The question presented to the Supreme Court was in regards to the appropriateness of the lower courts’ determination that probable cause served as an absolute bar to a finding that a retaliatory arrest was committed by the City. Lozman stated that the appropriate test for determining whether the City retaliated against him was stated in Mt. Healthy City Board of Education v. Doyle, 429 U.S. 274 (1977), which was a civil case in which one of the listed reasons for the termination of a teacher’s employment was the teacher’s engagement in protected speech.  In Mt. Healthy, the Board of Education was required to show that it would have terminated the teacher’s employment even without the retaliatory reason that it provided.  The City contends that the applicable standard should be the one set forth in Hartman v. Moore, 547 U.S. 250 (2006), which states that a Plaintiff cannot sustain a claim that an arrest was retaliatory when probable cause existed for the arrest.

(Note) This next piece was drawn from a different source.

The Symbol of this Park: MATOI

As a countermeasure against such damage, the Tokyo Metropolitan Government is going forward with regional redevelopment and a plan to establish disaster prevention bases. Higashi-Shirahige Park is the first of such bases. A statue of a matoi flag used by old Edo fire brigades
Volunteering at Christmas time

In analyzing the circumstances of this case, the Supreme Court noted that this is a decision of narrow application, and seemingly unique as the city itself is the Defendant in the suit as opposed to the arresting officer or another law enforcement entity, which is more typical in retaliatory arrest cases.  Additionally, the Court indicates that additional considerations were necessary due to the activity that Lozman was engaged in at the time of his arrest, specifically addressing the City Council during a public meeting.  In the end, the Court concluded that Mt. Healthy provided the appropriate standard and vacated and remanded the case to the Eleventh Circuit.  Noting that this ruling does not necessarily entitle Lozman to relief or a new trial, the Court indicated that the Eleventh Circuit may wish to consider (1) whether a reasonable jury could conclude that the City actually formed a retaliatory policy to intimidate Lozman during the 2006 closed door session, (2) whether any reasonable juror could conclude that Lozman’s arrest constituted an official act by the City, and (3) whether under Mt. Healthy, the City has proved that it would have arrested Lozman regardless of any retaliatory animus. 

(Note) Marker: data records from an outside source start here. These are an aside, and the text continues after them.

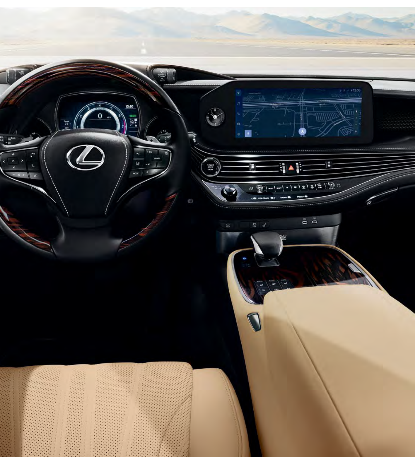
LS shown with Palomino leather and Artwood Organic Gloss interior trim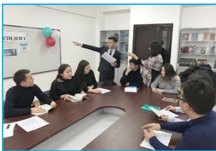
Intellectual game «Let's brainstorm»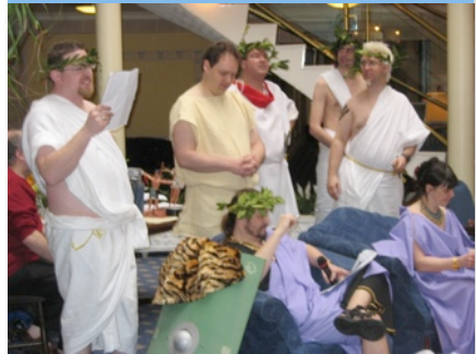
The Cyberdrome Circus Maximus crew preparing to start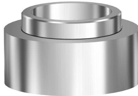
4x - Spacer

SuperATV strongly recommends using a Spring Compressor when removing and installing Springs.

Janus v. American Federation of State, County, and Municipal Employees

No. 16-1466, Decided June 27, 2018

Appeal of 851 F.3d 746 (7th Cir. 2017)


Under Illinois law, public employees are permitted to unionize, and if the majority of public employees within a bargaining unit vote to be represented by a union, that union becomes the exclusive representative of the bargaining unit to the exclusion of other unions, attorneys or other representatives, and the employees themselves.   Non-members of the union are required to pay an agency fee which in the present matter was equal to approximately 78.06 of full union membership.

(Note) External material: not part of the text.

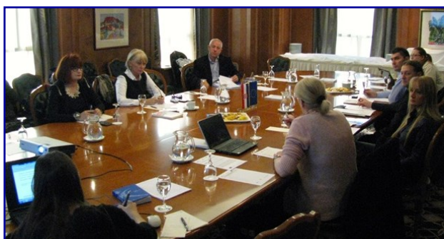
Fourth meeting of Sectoral council XXI Education and sports, December 2015

Janus, the Petitioner in this case, was a public employee who was represented by a public sector Union.  He had consistently refused to join the union and brought suit questioning the constitutionality of the laws which authorized the imposition of agency fees.


In 1977, the case of Abood v. Detroit Board of Education, upheld a similar law which required the payment of agency fees to a union by a public sector employee.  The decision in Abood noted that non-members could be reaping the benefits of union representation and expressed that the States had an interest in promoting “labor peace.”  Noting a departure from this line of thinking, the Court references its recent decisions in Knox v. Service Employees, and Harris, supra, which make reference to the questionable justifications for the decision in Abood and decline to extend it beyond the parameters which it squarely controls.


After discussing the various concerns of the Court related to the right to free speech guaranteed under the First Amendment to the Constitution of the United States, the Court concluded that the imposition of agency fees by a Union on non-member public sector employees is a violation of their right to free speech, and expressly overruled its decision in Abood.